WHAT YOU SHOULD DO:
As written and without pictures, set down the lines from the one that contains "結婚指輪(マリッジリング)の" through the end of the data.

EXERCISE DATA:
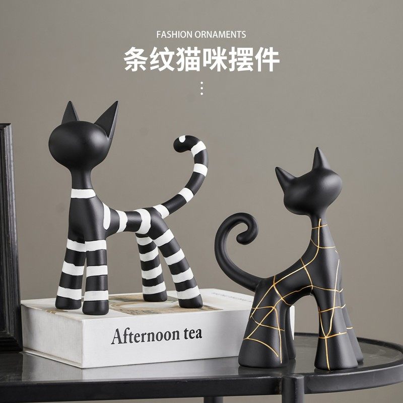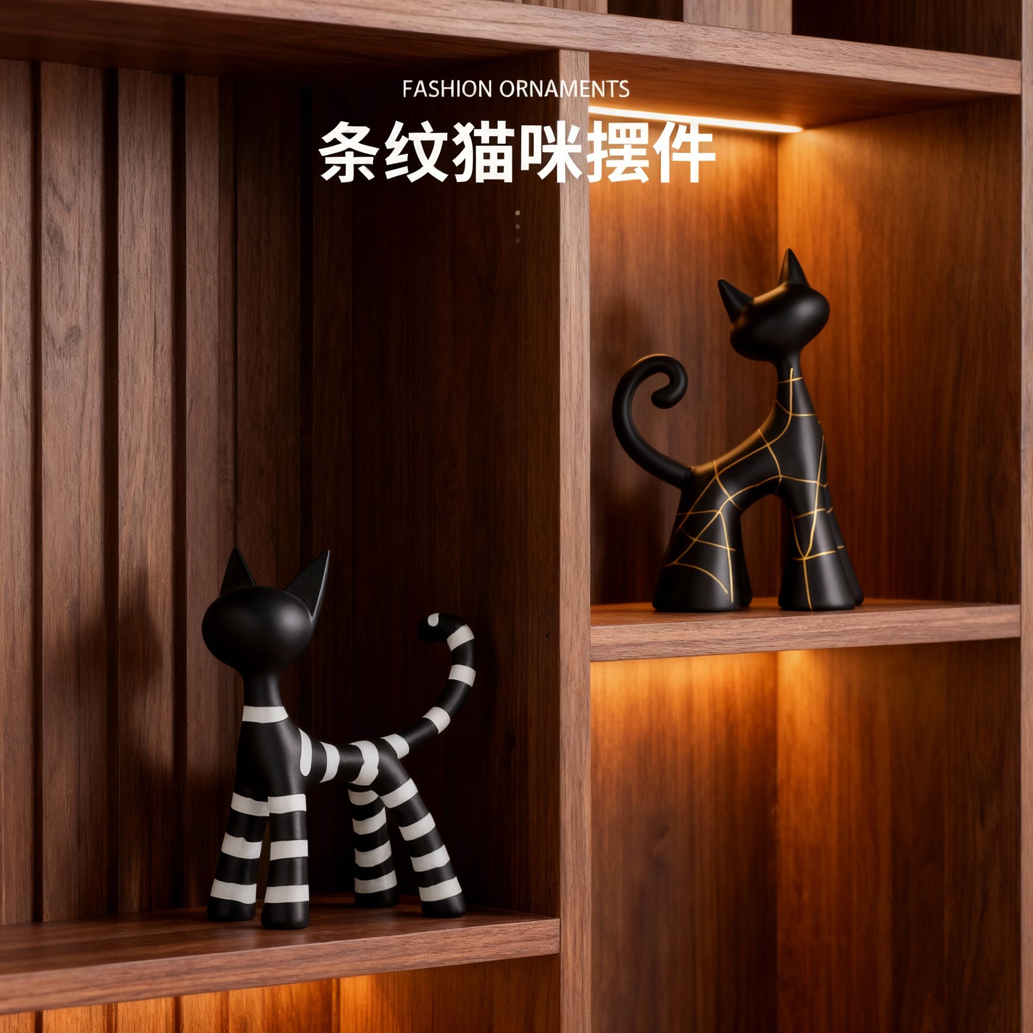 简约现代风条纹猫咪摆件玄关客厅酒柜装饰摆件新房装修家居饰品
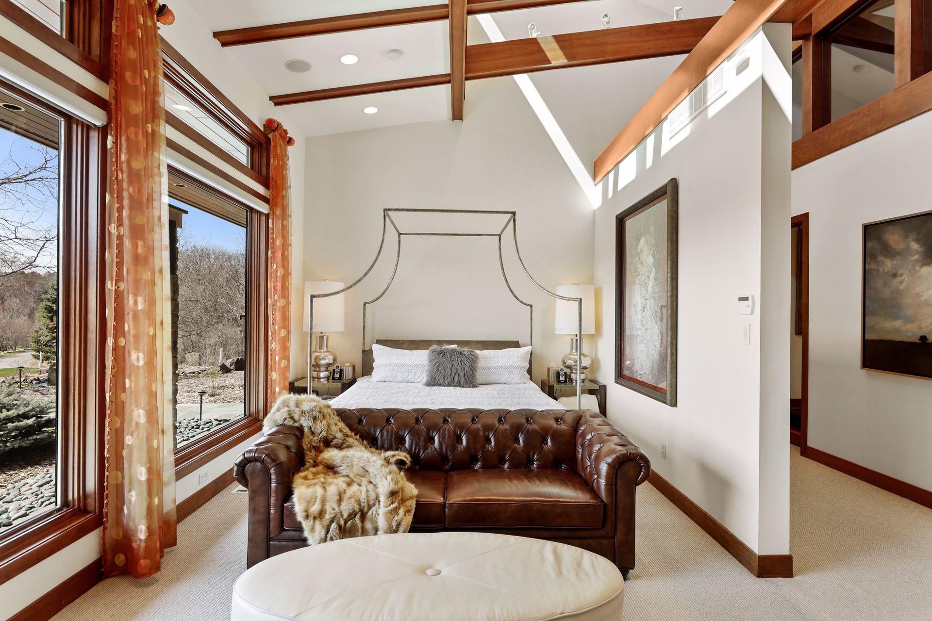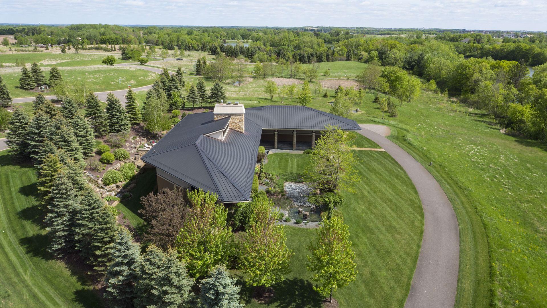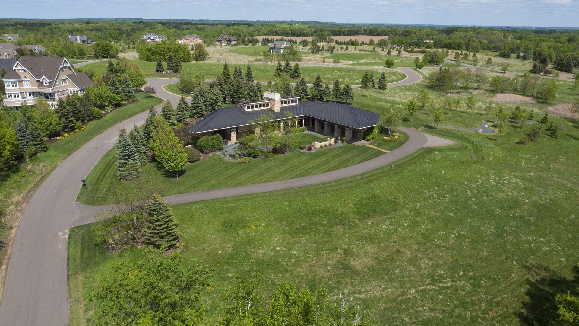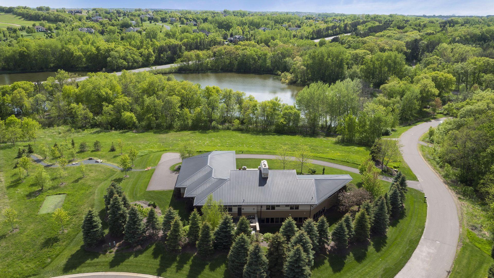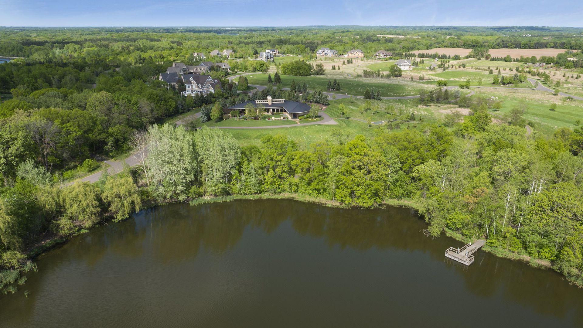 Incredibly unique with rare architectural details, this prairie-style home sits on a large, private lot overlooking Goose Lake with breathtaking views from every room. Luxury design offers an open, main level living concept with floor-to-ceiling windows surrounding the entire house, vaulted/beamed ceilings, curved walls, extensive use of limestone, state of the art electronics & security systems, and finishes of the highest quality. Seller has completely renovated parts of the main level with over $1M invested- gourmet kitchen with wet bar, great room with impressive 20’ fireplace, 2 offices, and Owner’s suite w/fireplace, gorgeous en suite, huge dressing room & private laundry room. Lower level includes 2 bedrooms suites, a golf simulator, Finnish sauna, family room w/fireplace, wet bar, even an elevator! Plus, the outdoor oasis features 2 firepots at the entrance, beautiful bluestone patios, 3 water features, and 3-car attached/heated garage. Easy access to I-94 & close to Woodbury.
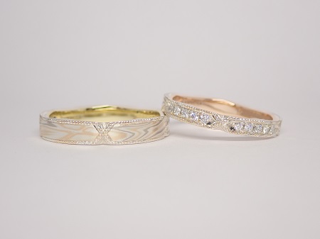 結婚指輪(マリッジリング)の木目金素材:ホワイトゴールド×ピンクゴールド×シルバー
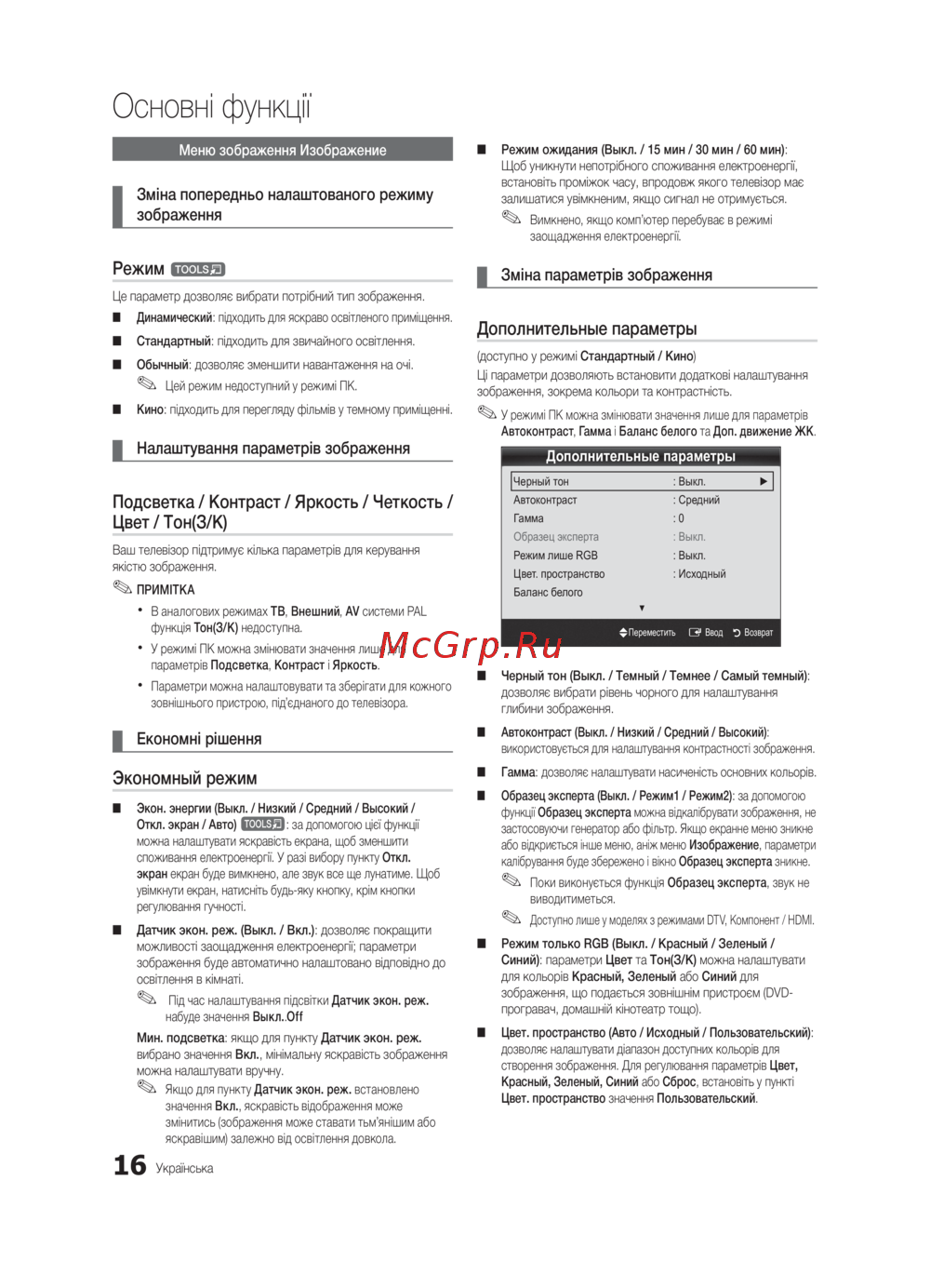Автоконтраст, Гамма і Баланс белого та Доп. движение ЖК.

REPLY:
 結婚指輪(マリッジリング)の木目金素材:ホワイトゴールド×ピンクゴールド×シルバー
Автоконтраст, Гамма і Баланс белого та Доп. движение ЖК.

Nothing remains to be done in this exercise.